People love to read too much into dumb headlines. So many people shared the “US surpasses Italy in confirmed coronaviruses cases” news today. Guess what? It’s fucking meaningless! We could’ve looked at the growth rate some days ago and known this was going to happen. Additionally, once again, confirmed cases aren’t a great metric (more below). If I’m going to spend brain cycles on coronavirus, I want to think critically, go beneath the surface, and explore data myself… OR make memes. Not share these normie-ass articles.
The second-order effects of these braindead articles are odd. I’ve even seen it lead to some of my Facebook friends (who are a lost cause by now – they still think this is nothing more than the flu) to proclaim that “WELL ACTUALLY Italy still has more cases per capita.” Wow they must be so smart to know how to divide a number by the population of a country. Many of these people like to talk about how the media is incentivized to spin stories to attract clicks / views, and how because of this we can’t trust the media. In some ways, I share their disdain…
I started poking around at some of the different sources of covid related out there. covidtracking.com is really doing a lot of the thankless work around cleaning data from many different sources – very much appreciated. I have a public notebook with some code here: https://colab.research.google.com/drive/1qr6G1dxj9I1OlAdxqlZECFQdqfV9RDps
I’m trying to find the right questions to ask – they should be answerable from available data, help people get a clearer view of what is actually going on, and not already discussed ad naseum. I’m hesitant to do any forecasting because of lack of domain knowledge, and I certainly don’t want to add more noise to an already incredibly exhausting topic.
Testing vs Confirmed cases
There was a good thread by a buddy on the high correlation between number of tests and confirmed cases.
FYI: the growth in positive test results per @COVID19Tracking data maps almost 1:1 with the growth in tests performed : R^2 of 0.97. In other words, reporting new and daily case counts is really just reporting on the ramp up in testing capability. @DanRosenheck @Noahpinion pic.twitter.com/T0aZBmVZLm— Kostya Medvedovsky (@kmedved) March 27, 2020
I learned from one of the replies that finding R^2 between two time series can lead to spurious correlations though. Curious to see the follow up on this. Or I guess I could do the work myself here…
so reading from the source, it's a bit nuanced.— canzhi is at home right now (@canzhiye) March 27, 2020
5564 tests on "likely" people (prob similar criteria to US). 685 positive. (12%)
6163 tests on the general population. 52 positive. (0.8%)https://t.co/Koeyjk5loP
To my knowledge, Iceland is the only country thus far to do random testing of the general population. They lead the world in tests per 1000 at roughly 30. For comparison, the two highest US states are NY and WA, at 7 and 6 respectively. We have data on Iceland’s randomized tests for 3/20, 3/23, and 3/25 so maybe we can do something with this data. Simple back of the envelope calculation tells us that means there are 2.5M people in the US with the virus if we extrapolate using Iceland’s rate. There’s so many other variables that could render the previous sentence completely inccorect that I almost didn’t want to include it here. Will need to think more about how to best use this data.
More on data
Speaking of data, the NYT released their county-level coronavirus data. I felt kind of misled by their article though.
this is excellent! can you also release this data? pic.twitter.com/SKwAJo8XCT— canzhi is at home right now (@canzhiye) March 27, 2020
Not that county-level data isn’t useful, but seems like getting information about those who actually got the virus would be very useful, or at the very least, interesting to analyze. Perhaps there is county-level demographic and health data that is easily accessible that I could merge with the NYT data… If I remember to go look for it and find it, I’ll add it to the notebook.

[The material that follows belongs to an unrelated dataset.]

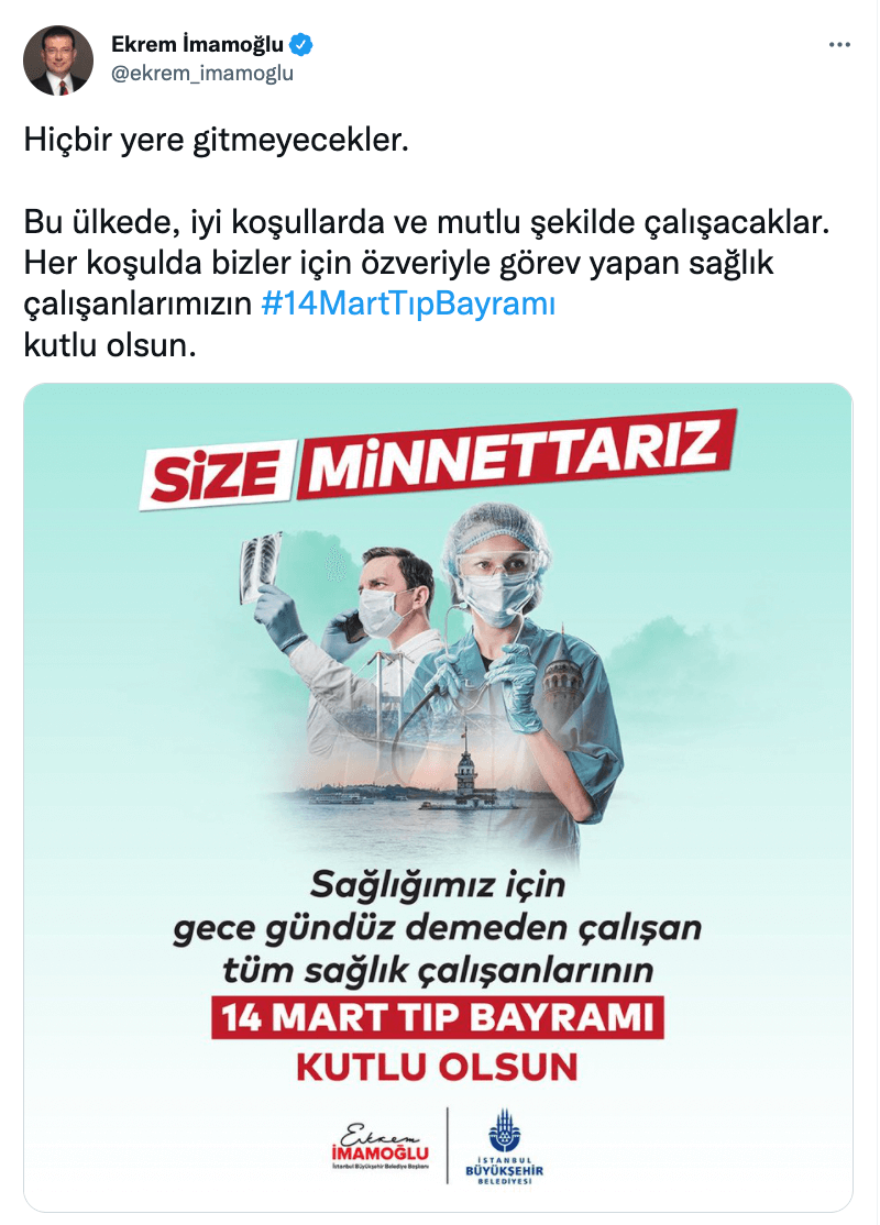 İstanbul Büyükşehir Belediye (İBB) Başkanı Ekrem İmamoğlu, 14 Mart Tıp Bayramı’yla ilgili olarak kişisel Twitter hesabında bir paylaşımda bulundu.

In looking at the testing data from covidtracking.com more closely (with Kostya), I found that the quality was not ideal. There were quite a few days where NY just didn’t report any negative cases… Such is real-world data, I guess. With sports, the data quality is usually much higher. When I’m modeling sports, I feel pretty confident that whatever data is captured is done in a relatively consistent way across games and seasons (still not perfect). It really is a great playground.

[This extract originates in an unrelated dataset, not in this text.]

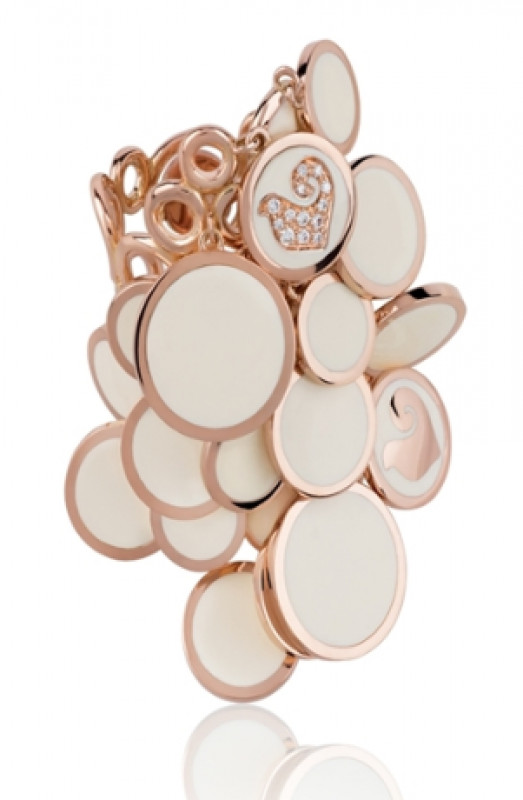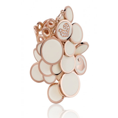 Anello Paillettes a cascata in oro rosa, diamanti e smalto bianco
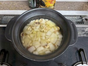12:50片付け、スープ調理。

I’ve heard conflicting information about the efficacy of masks. The WHO dismisses their usefulness as a protective measure for healthy people, and Michael Osterholm (epidemiologist expert) echoed it on Joe Rogan’s podcast a couple weeks ago. However, I have also seen a document compiling a list of studies that claim that masks are helpful! There’s just so much stuff on the internet that you will get exactly what you search for.
I don’t know what to believe. Now that the level of seriousness has been ratcheted up, I feel much more aware of how easily misinformation or even half-truths can be spread on social media. This doesn’t feel like the malicious fake news campaigns from the 2016 election, but more an overconfidence in something where the truth is not known. If anyone asks me if masks are effective, I’ll fall back to “I don’t know,” but if I have to go to the grocery store, I’ll take the Pascal’s wager approach.